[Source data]
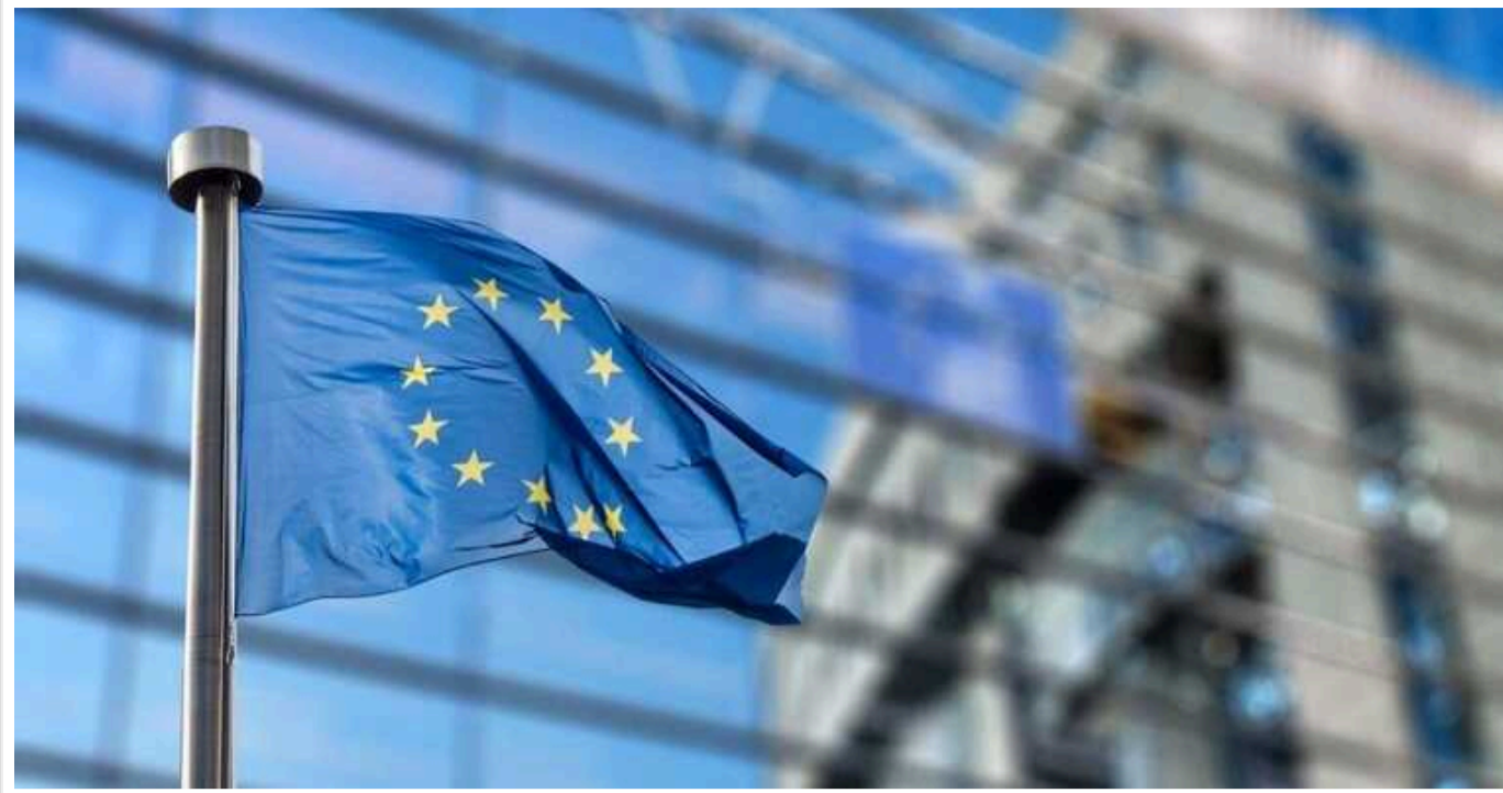
Bloomberg: ЄС запропонував два варіанти заморожування активів РФ на більш тривалий період

Європейський Союз запропонував державам-членам блоку два варіанти щодо заморожування активів російського Центрального банку на більш тривалий період часу.
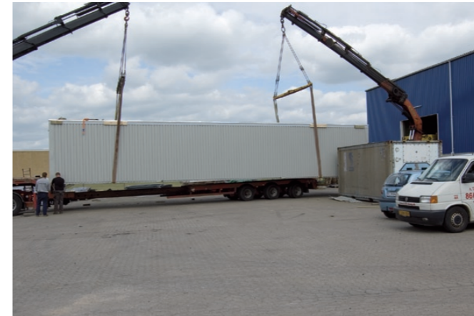
En komplet stald er på vej.
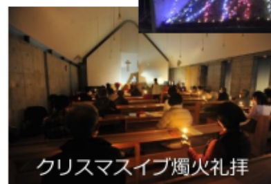
クリスマスイブ燭火礼拝

子どもたちのクラス(幼稚科・小学科)では、晴れた日に教会の庭で遊ぶこともあり、夏にはお泊まり会、冬にはクリスマス会などで楽しく過ごします。
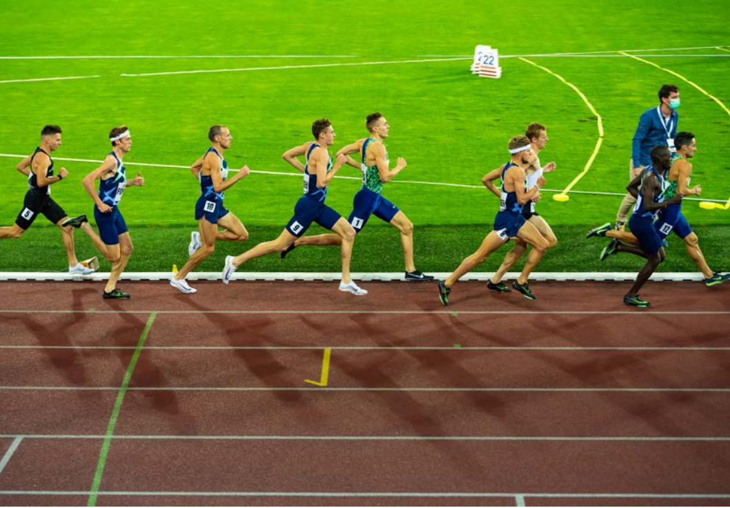
Görsel 2.14: Profesyonel atletizm yarışması, Tokyo

Düzenlenen yarışmalar, bireylerin ya da grupların kendilerini kanıtlamaları ve uluslararası düzeyde gelişmeleri için önemli etkinliklerdir (Görsel 2.14). Ev sahibi ülkenin uluslararası düzeyde kendini tanıtmasına olanak sağlar.

▸ **Exercise details**
Could you restate each record word for word, keeping the pictures out?

▸ **Exercise output**
Bloomberg: ЄС запропонував два варіанти заморожування активів РФ на більш тривалий період

Європейський Союз запропонував державам-членам блоку два варіанти щодо заморожування активів російського Центрального банку на більш тривалий період часу.
En komplet stald er på vej.
クリスマスイブ燭火礼拝

子どもたちのクラス(幼稚科・小学科)では、晴れた日に教会の庭で遊ぶこともあり、夏にはお泊まり会、冬にはクリスマス会などで楽しく過ごします。
Görsel 2.14: Profesyonel atletizm yarışması, Tokyo

Düzenlenen yarışmalar, bireylerin ya da grupların kendilerini kanıtlamaları ve uluslararası düzeyde gelişmeleri için önemli etkinliklerdir (Görsel 2.14). Ev sahibi ülkenin uluslararası düzeyde kendini tanıtmasına olanak sağlar.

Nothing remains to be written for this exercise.